M&G: Market desperately looks for 'dovish' signals from ECB

M&G: Market desperately looks for 'dovish' signals from ECB

ECB
dove dovish duif

By Gareth Jandrell, Fund Manager at M&G’s Public Fixed Income team

As expected, we got another 50bp hike from the ECB. On top of that, Lagarde revealed an intention to do another 50bp hike in March. The Governing Counsel maintained its language to raise rates “significantly”, “at a steady pace” and “keeping interest rates at restrictive levels”. So one would be forgiven for thinking the ECB was still on a hawkish trajectory. Markets thought otherwise, reacting as if the ECB had just announced rate cuts, with euro-area bonds rallying hard and the euro weakening.

Clearly the market is desperate for a sign that the ECB will soon start slowing the pace of tightening, so part of the dovish reaction may come down to positioning. Lagarde describing inflation and growth risks as becoming more balanced will have also given confidence to bond investors.
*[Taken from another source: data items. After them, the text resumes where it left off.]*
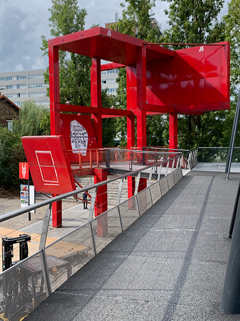 The red course of the Villette, between discovery and research of the Folies. The Folies of the Villette ? I was asking the same question before discovering those big red metal structures, realised by the architect Bernard Tschumi. Everything is in detail on the site, we find signs in connection with the Folies, every visual identity was relied to the red and the use of the same typography; even the guard also proudly wear the color. They are 26 Folies and they are everywhere on the site of the Villette. We never guet tired of these unique infrastructures, some of them have a lot of secrets between the fountains, balconies and geometric shapes had by diferents way to those buildings. I had a lot of fun looking for them and discovered on the site in a new way.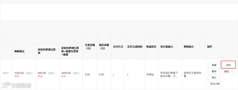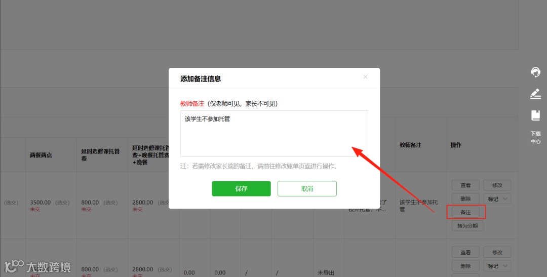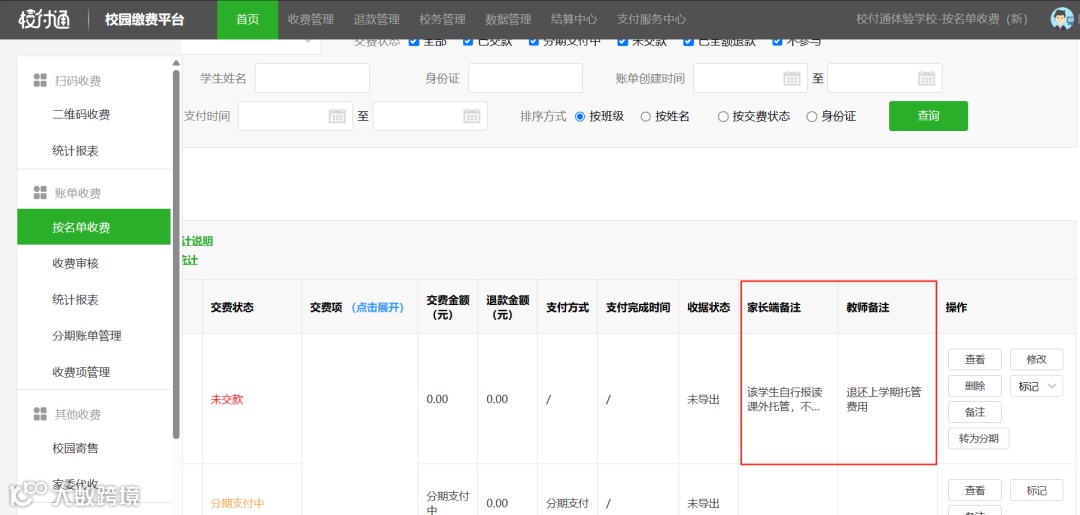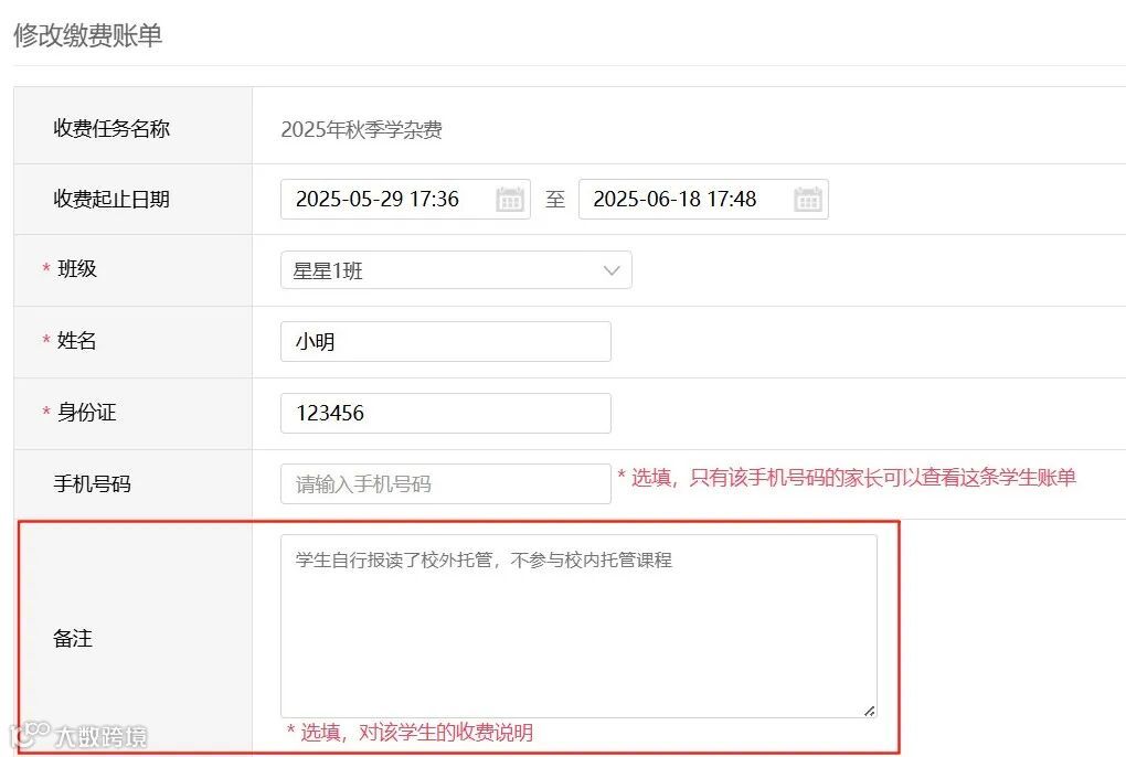 为解决收费过程中备注信息混淆问题,在账单管理界面将备注字段拆分为【家长端备注】与【教师备注】,明确区分两类备注的展示权限与修改规则。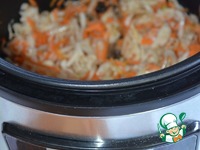 Чрез пару минут туда же добавить морковь, натертую на терке, и квашеную капусту. Потушить все овощи не менее 7 минут. |

Nevertheless, this rally does look premature; headline inflation remains a long way from target, core inflation has yet to see any meaningful reduction, and, as we recently saw from Spain, core inflation can still surprise to the upside.
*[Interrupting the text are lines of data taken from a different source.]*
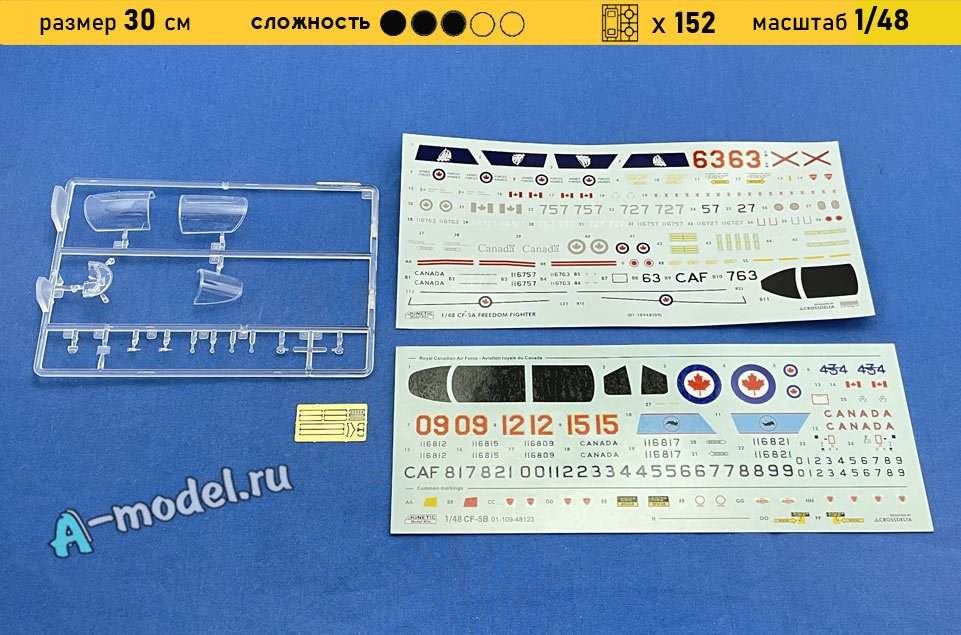 Сборная пластиковая модель самолета истребителя CF-5D Freedom в масштабе 1/48 от компании Kinetic model kits. В комплекте набора с моделью: пластиковые детали, инструкция, декали, фототравление, резиновые шины. Отличное схождение деталей модели и прекрасное их качество помогут получить вам удовольствие и массу положительных эмоций во время сборки. Прекрасным дополнением являются декали идущие в комплекте. Понятная инструкция с крупными рисунками облегчит в понимании моментов сборки. Мы давно сотрудничаем с этим производителем, позиция с товаром оригинальна и всегда готова для покупки. У нас всегда в наличии весь ассортимент продукции. В интернет-магазине представлен ассортимент от множества других компаний связанных с моделизмом. Акции и скидки которые часто проводятся у нас позволят вам приобрести товары нашего магазина по привлекательной цене. Вы всегда можете быстро оформить заказ. Предусмотрены несколько видов оплаты банковскими картами. Ваши заказы отправляем в любую точку России после оплаты, при доставке мы выберем минимальный по цене тариф.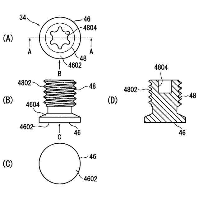 (A)はねじ部材の平面図、(B)は(A)のB矢視図、(C)は(B)のC矢視図、(D)は(A)のA-A線断面図である。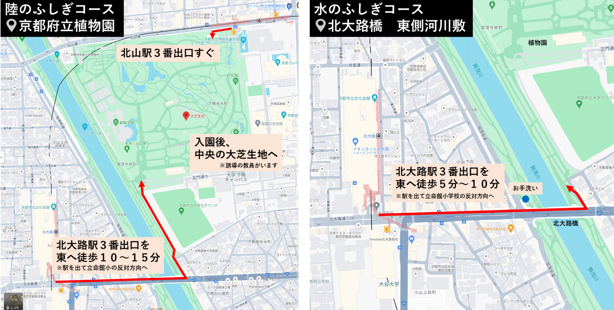 申込受付が完了された方は以下の点をご確認いただきご参加ください。 ①集合場所について 「陸のふしぎ」コース→京都府立植物園 大芝生地 「水のふしぎ」コース→賀茂川・北大路橋 北東河川敷 集合場所等の詳細については事前にメール・LINEでご案内しますのでご確認をお願いします。 ②お持物・服装について 1)「陸のふしぎ」コース ・植物園入園料(保護者200円、幼児無料) ・動きやすい服装 ・帽子、タオル、ビニール袋 ・水筒(ペットボトル可、お名前を記入して下さい) ・受付票(スマホメールまたは印刷した紙など) 2)「水のふしぎ」コース ・濡れてもよい服装(子どもの膝辺りまで入水予定) ・ウォーターシューズ(長靴不可) ・帽子、タオル、ビニール袋(濡れたものを入れます) ・水筒(ペットボトル可、お名前を記入して下さい) ・受付票(スマホメールまたは印刷した紙など) ③保護者のお持物・服装について 保護者の方もお子様といっしょに活動していただきますので、お子様と同様の動きやすい服装(水のふしぎコースは濡れてもよいもの)とお持物をご準備ください。 「水のふしぎ」コースお子様だけで川に入る活動はできませんので必ず親子で入るように靴や服などをご準備ください。必要に応じて、着替えも(お子様の分を含む)ご準備ください。 また「水のふしぎ」コースは荷物を置いて活動できますが、貴重品はお預かりできませんので、必要に応じて貴重品を身に着けておくためのポーチ等をご用意ください。 ④天候等による開催場所の変更は、学校HP、miraicompass、LINEで前日14時までにご案内します。雨天時は立命館小学校内で活動を予定しています。

Not much more to add on European QT from what we already heard in the December meeting, other than reinvestments will be broadly proportional across APP portfolios and the ECB’s corporate bond portfolio (CSPP) reinvestments will be tilted towards issuers with a better climate credentials. How these credentials will be defined is still unclear as this is going to be driven by a mix of measures, ranging from absolute emissions to good disclosure practices. I suspect investors will be laser-focused on which bonds are bought and sold by the ECB each week to figure out who is on the naughty list.